I am struggling to understand all the steps in a derivation involving a normalisation of a particular wavefunction. I get most of the steps. I have attached the derivation and put a star next to the steps I don't fully understand.

Homework Equations

Listed on attachment.

The Attempt at a Solution

For the first step I have starred, I get that the integral from - to + infinity for an even function is twice the integral from 0 to infinity but how do you know that this is an even function in the example?
For the next bit why does -2lambda appear on the denominator?
I don't get what the derivation is getting at in the final step - how do they know that A is real? and why do they write A*A - is it because the absolute square of A is A multiplied by its complex conjugate which in this case is 1 (as it disappears in the 4th step) so therefore you know A is real?

Thanks for any help offered!

 

[momoko]

You can easily check that e^-2lambda |x| is an even function.

 

[vela]

For the first step I have starred, I get that the integral from - to + infinity for an even function is twice the integral from 0 to infinity but how do you know that this is an even function in the example?

An even function satisfies f(x) = f(-x) for all x. Check if the wave function has this property.

For the next bit why does -2lambda appear on the denominator?

Have you taken calculus yet? This is basic integration.

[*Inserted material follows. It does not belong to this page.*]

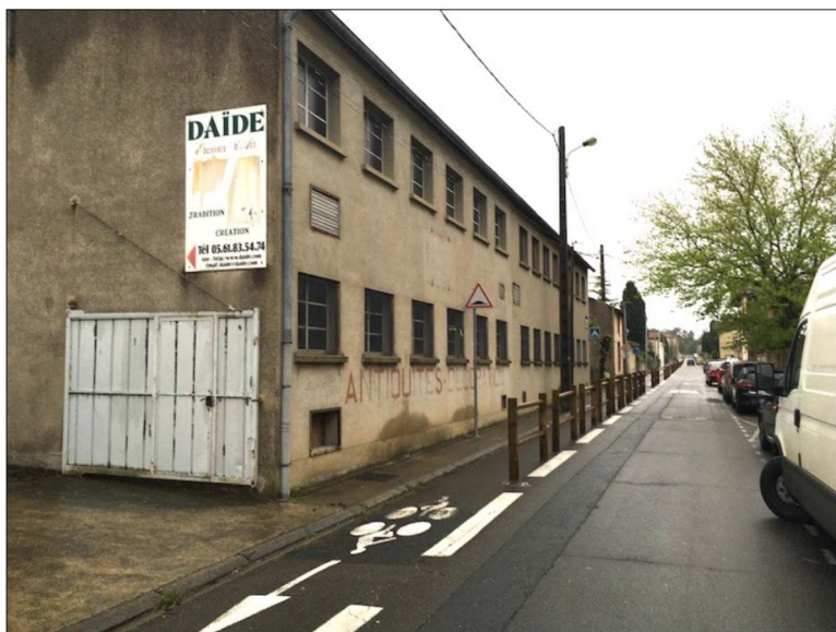
Vue sur le bâtiment atelier depuis l'avenue Roquefort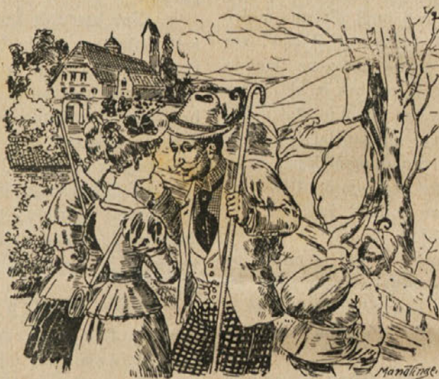
Kje je radovedna starka?

Dva postopača vidé kmeta, ki seje na njivi rečeta: „Oče, vi sejete pa mi dva bova vživala plod vaših žuljev!“ „Mogoče — mogoče“, odgovori kmet „ker ravno sejem konoplje — za bič“.

You should be able to figure it out yourself.

I don't get what the derivation is getting at in the final step - how do they know that A is real? and why do they write A*A - is it because the absolute square of A is A multiplied by its complex conjugate which in this case is 1 (as it disappears in the 4th step) so therefore you know A is real?

The normalization constant is taken to be real by convention. You could, in fact, use any complex $A$ that satisfies $\lvert A \rvert ^2 = \lambda$, but why make things more complicated than necessary?

 

[Jimmy87]

An even function satisfies f(x) = f(-x) for all x. Check if the wave function has this property.Have you taken calculus yet? This is basic integration. You should be able to figure it out yourself.The normalization constant is taken to be real by convention. You could, in fact, use any complex $A$ that satisfies $\lvert A \rvert ^2 = \lambda$, but why make things more complicated than necessary?

Thanks for your help. For the first point, I am not sure how you would check this in this case? For the 2nd point that is me being really stupid, that is just a simple integration of an exponential - I get that. What do you mean by your final point - what other complex A could satisfy the norm squared of A?

 

[Jimmy87]

I think I get the first point now. If I insert (-x) into the function then the whole function doesn't change sign so its even. I still don't get the last few steps though. I don't know what they are trying to show when they write A*A = lambda therefore A^2 = lambda?

 

[Jimmy87]

Wait I'm confused with part 1 again - if there was no absolute value brackets around the x then am I right in saying that this would be an odd integrand? Why does the x have an absolute value sign? Does this always appear in wavefunctions?